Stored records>
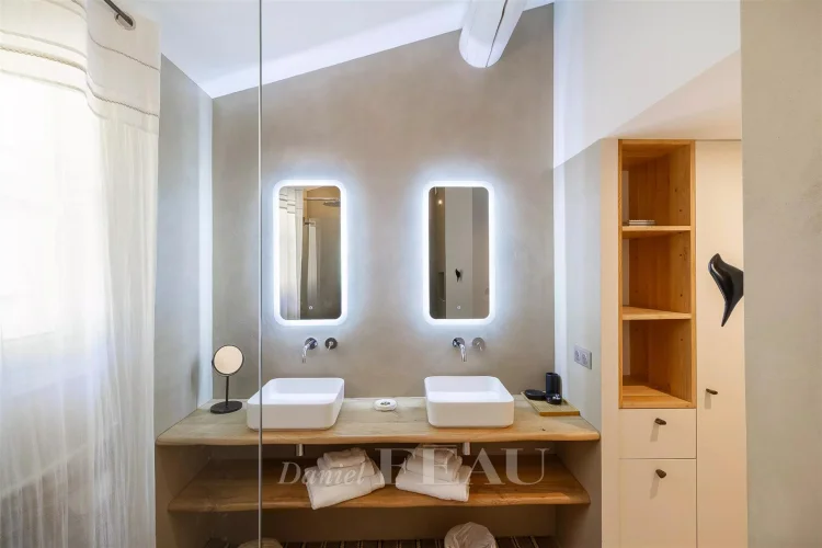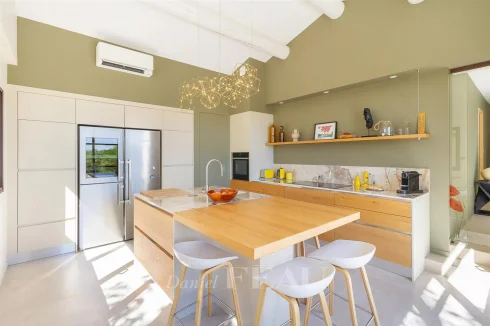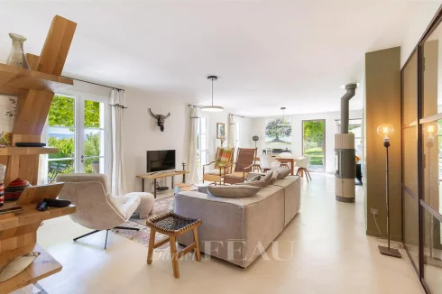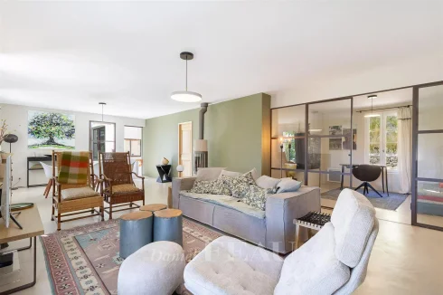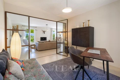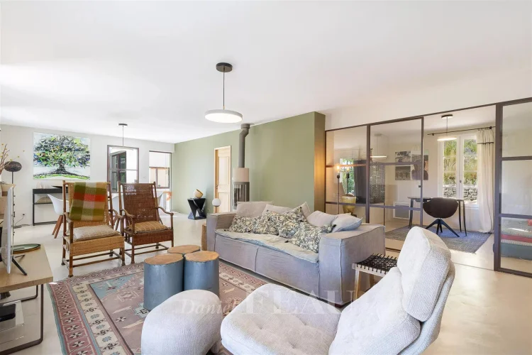 Renovated throughout and extended in 2022, it includes a spacious living/reception room bathed in sunshine and opening onto two terraces, a contemporary kitchen with an adjacent utility room, a study, and three bedrooms including a master suite with a shower room and a dressing room.
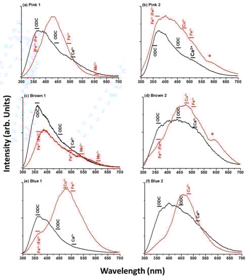 The LIF spectra of colored layers (red lines in Figure 6) display some specific features in addition to those observed in the base glass. As already indicated and revealed by FESEM-EDS, UV-Vis-IR spectroscopy, and LIBS, chromophores based on Fe, Cu, Mn, Co, Ni, and Cr account for the different colorations. The contribution of these chromophores to fluorescence emissions of the colored layers is not much evident in the LIF spectra of the samples due to the expected reabsorption of the fluorescence from these compounds with absorption bands in the near-UV and visible spectral ranges. Despite this, the weak shoulders over-imposed on the main emission band and observed at 360, 475, 500, 540, and 610 nm have been tentatively attributed to the presence of Fe3+/Fe2+, Cu2+, Fe3+, Mn2+, and Mn3+, respectively [,]. On the other hand, the prominent bands observed around 580 nm, specifically for the dark-colored layers from the samples Pink2 and Brown2, may be assigned to emissions from copper nanoparticles [].
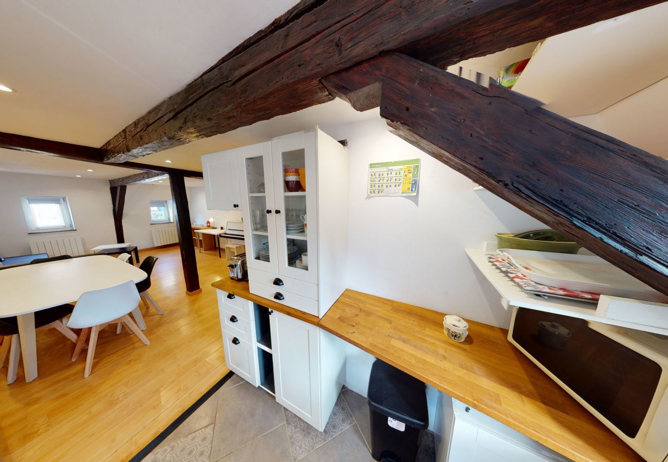 🏠 Dès l'entrée, plongez dans l'ambiance alsacienne 🥨: pièce à vivre entièrement ouverte sur la cuisine 🍴 avec poutres apparentes.
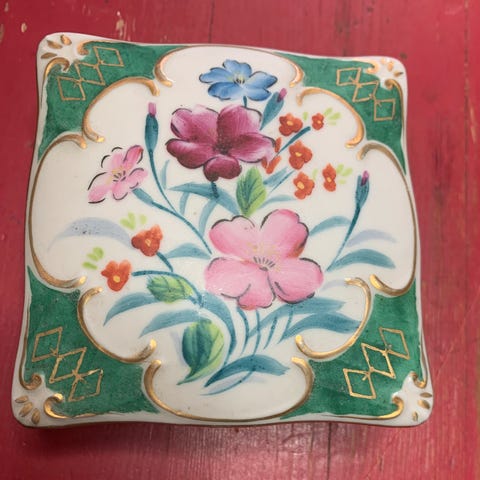 Koselig porselen smykkeskrin, med velfungerende lokk og pent motiv
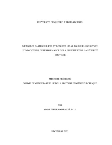 Fall, Mame Thierno Mbacké (2025). Méthodes basées sur l’IA et données LiDAR pour l’élaboration d’indicateurs de performance de la fluidité et de la sécurité routière. Mémoire. Trois-Rivières, Université du Québec à Trois-Rivières, 86 p.
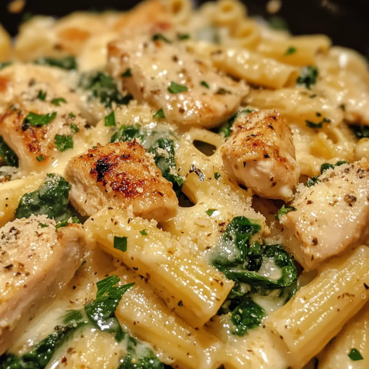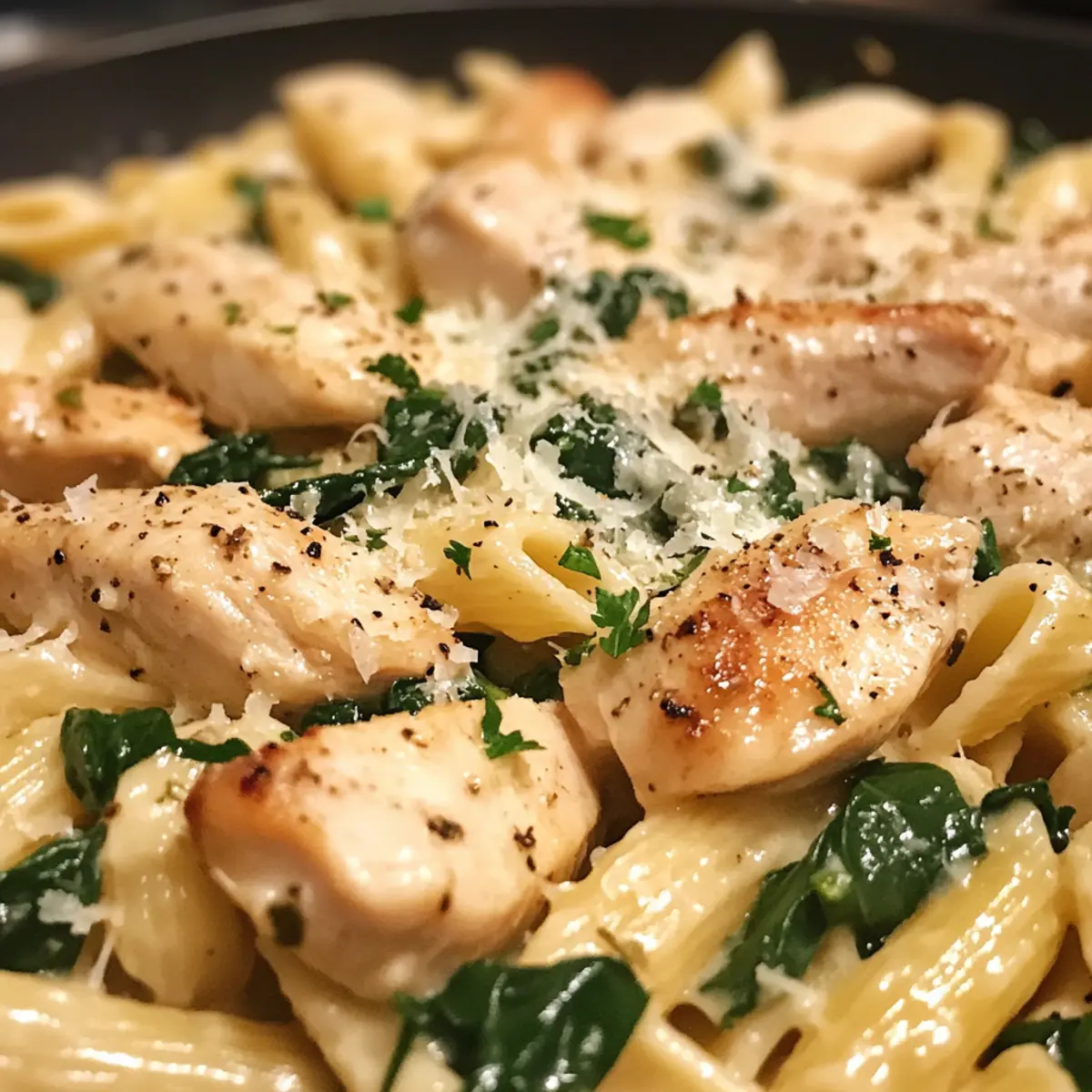 - Return the cooked chicken and drained pasta to the skillet, along with 2 cups of baby spinach if using. Toss everything together gently over low heat until evenly coated and the spinach has wilted, about 2-3 minutes.
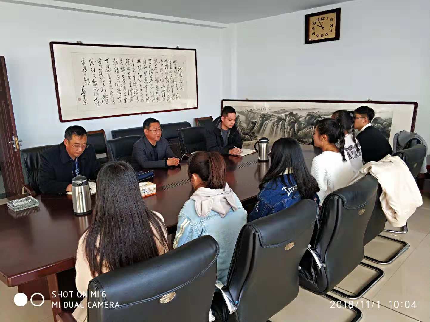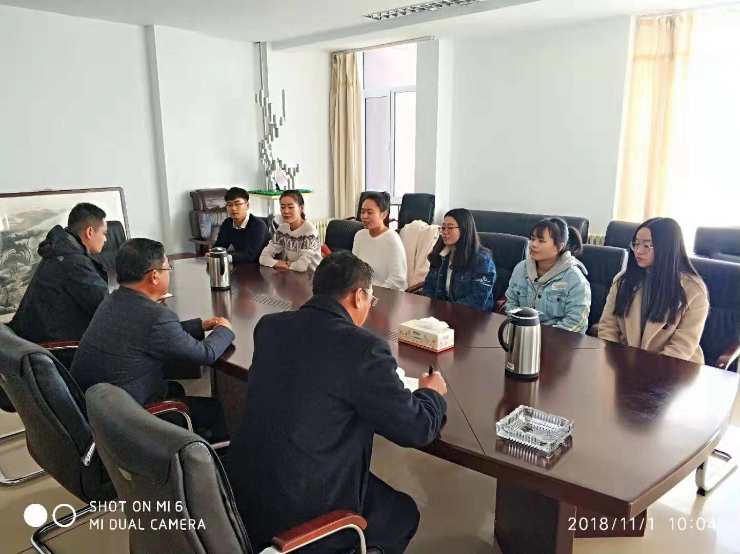 11月1日上午,校党委副书记、纪委书记张利平在行政楼会议室与政法与历史文化学院六位新发展党员进行集体谈话。政法与历史文化学院党总支书记兰林世、学生支部书记韩宁参加会议。

Exercise aim>
Repeat the entries above exactly and skip the images.

Task result>
 Renovated throughout and extended in 2022, it includes a spacious living/reception room bathed in sunshine and opening onto two terraces, a contemporary kitchen with an adjacent utility room, a study, and three bedrooms including a master suite with a shower room and a dressing room.
 The LIF spectra of colored layers (red lines in Figure 6) display some specific features in addition to those observed in the base glass. As already indicated and revealed by FESEM-EDS, UV-Vis-IR spectroscopy, and LIBS, chromophores based on Fe, Cu, Mn, Co, Ni, and Cr account for the different colorations. The contribution of these chromophores to fluorescence emissions of the colored layers is not much evident in the LIF spectra of the samples due to the expected reabsorption of the fluorescence from these compounds with absorption bands in the near-UV and visible spectral ranges. Despite this, the weak shoulders over-imposed on the main emission band and observed at 360, 475, 500, 540, and 610 nm have been tentatively attributed to the presence of Fe3+/Fe2+, Cu2+, Fe3+, Mn2+, and Mn3+, respectively [,]. On the other hand, the prominent bands observed around 580 nm, specifically for the dark-colored layers from the samples Pink2 and Brown2, may be assigned to emissions from copper nanoparticles [].
 🏠 Dès l'entrée, plongez dans l'ambiance alsacienne 🥨: pièce à vivre entièrement ouverte sur la cuisine 🍴 avec poutres apparentes.
 Koselig porselen smykkeskrin, med velfungerende lokk og pent motiv
 Fall, Mame Thierno Mbacké (2025). Méthodes basées sur l’IA et données LiDAR pour l’élaboration d’indicateurs de performance de la fluidité et de la sécurité routière. Mémoire. Trois-Rivières, Université du Québec à Trois-Rivières, 86 p.
 - Return the cooked chicken and drained pasta to the skillet, along with 2 cups of baby spinach if using. Toss everything together gently over low heat until evenly coated and the spinach has wilted, about 2-3 minutes.
 11月1日上午,校党委副书记、纪委书记张利平在行政楼会议室与政法与历史文化学院六位新发展党员进行集体谈话。政法与历史文化学院党总支书记兰林世、学生支部书记韩宁参加会议。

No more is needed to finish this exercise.